The first step is to get df to just print everything and capture the output. Since we want to process the output we need to read a pipe, and popen() is an easy way to set this up:

#include <stdio.h>
int main(int argc, char * argv[]) {
// This part reads the output of DF into the lines array (with some modifications)
   FILE * result = popen("df", "r"), * sort;
   int i;
   if (!result) {
      perror("Can't open df");
      return 1;
   }
   while (!feof(result)) {
     int c = getc(result);
     if (c != EOF) putchar(c);
   }
 pclose(result);
 return 0;
}

Half Solved

That’s half the problem solved. If you have the characters, you could do all the sorting and filtering you want, but… wait a minute! I’m still lazy. So let’s ask the shell to help us out. Here’s my plan. I know I only want lines that start with /dev/loop so let’s do this:

  • Read a whole line at one time
  • If it isn’t a /dev/loop line throw it out
  • If it is a /dev/loop line then save it in an array but chop off the /dev/loop part
  • After we have all the lines ask the shell to sort and then add the /dev/loop back in after sorting

Easy enough:

#include <stdio.h>
#include <string.h>

char buffer[4097];
char * lines[512];
unsigned int maxline = 0;

int main(int argc, char * argv[]) {
// This part reads the output of DF into the lines array (with some modifications)
   FILE * result = popen("df", "r"), * sort;
   int i;
   if (!result) {
      perror("Can't open df");
   return 1;
   }
   while (!feof(result)) {
 // get a line from df
     char * rc = fgets(buffer, sizeof(buffer), result);
// only save lines that start with /dev/loop
    if (rc &amp;amp;&amp;amp; !strncmp(buffer, "/dev/loop", 9)) {
// out of space
       if (maxline >= sizeof(lines) / sizeof(char * )) {
       fprintf(stderr, "Too many loops\n");
       return 2;
     }
   lines[maxline++] = strdup(buffer + 9); // copy just the number part and the rest of the line
   // should check lines[maxline[1] for null here
   }
 }
 pclose(result);

// Now we are going to print through sort
// The sed replaces the /dev/loop at the front of the line after sorting
 sort = popen("sort -n | sed 's/^/\\/dev\\/loop/'", "w");
 if (!sort) {
   perror("Can't open sort");
   return 3;
  }
// for each line, send to pipe (note order didn't really matter here ;-)
 for (i = 0; i < maxline; i++)
   fputs(lines[i], sort);
 pclose(sort);
 return 0;
}

And there you have it. Yeah, you could do this with the shell alone but it would be a lot more difficult unless you resort to another programming language like awk and then you really aren’t just using a shell. Besides, this makes a nice example and there are lots of things you could do like this that would be very hard to do otherwise.

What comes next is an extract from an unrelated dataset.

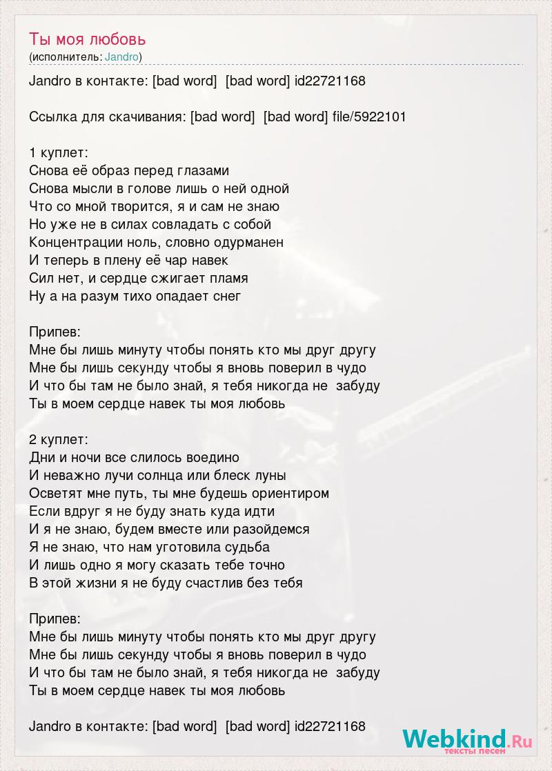 Jandro в контакте: [bad word] [bad word] id22721168 Ссылка для скачивания: [bad word] [bad word] file/5922101 1 куплет: Снова её образ перед глазами Снова мысли в голове лишь о ней одной Что со мной творится, я и сам не знаю Но уже не в силах совладать с собой Концентрации ноль, словно одурманен И теперь в плену её чар навек Сил нет, и сердце сжигает пламя Ну а на разум тихо опадает снег Припев: Мне бы лишь минуту чтобы понять кто мы друг другу Мне бы лишь секунду чтобы я вновь поверил в чудо И что бы там не было знай, я тебя никогда не забуду Ты в моем сердце навек ты моя любовь 2 куплет: Дни и ночи все слилось воедино И неважно лучи солнца или блеск луны Осветят мне путь, ты мне будешь ориентиром Если вдруг я не буду знать куда идти И я не знаю, будем вместе или разойдемся Я не знаю, что нам уготовила судьба И лишь одно я могу сказать тебе точно В этой жизни я не буду счастлив без тебя Припев: Мне бы лишь минуту чтобы понять кто мы друг другу Мне бы лишь секунду чтобы я вновь поверил в чудо И что бы там не было знай, я тебя никогда не забуду Ты в моем сердце навек ты моя любовь Jandro в контакте: [bad word] [bad word] id22721168

You might wonder if you could spin off something like sort and both feed it input and read its output. The answer is yes, but not with popen(). The popen() call is just a handy wrapper around pipe and fork. If you wanted to do both ends you would have to use the pipe() call directly (twice) and then execute sort or whatever. But that’s a topic for the future.

There are plenty of other future topics for interprocess communications, too. But for now, try out pipes using popen. Critical sections come up in shell scripts, too. If you prefer to write your scripts in C, that’s possible, too.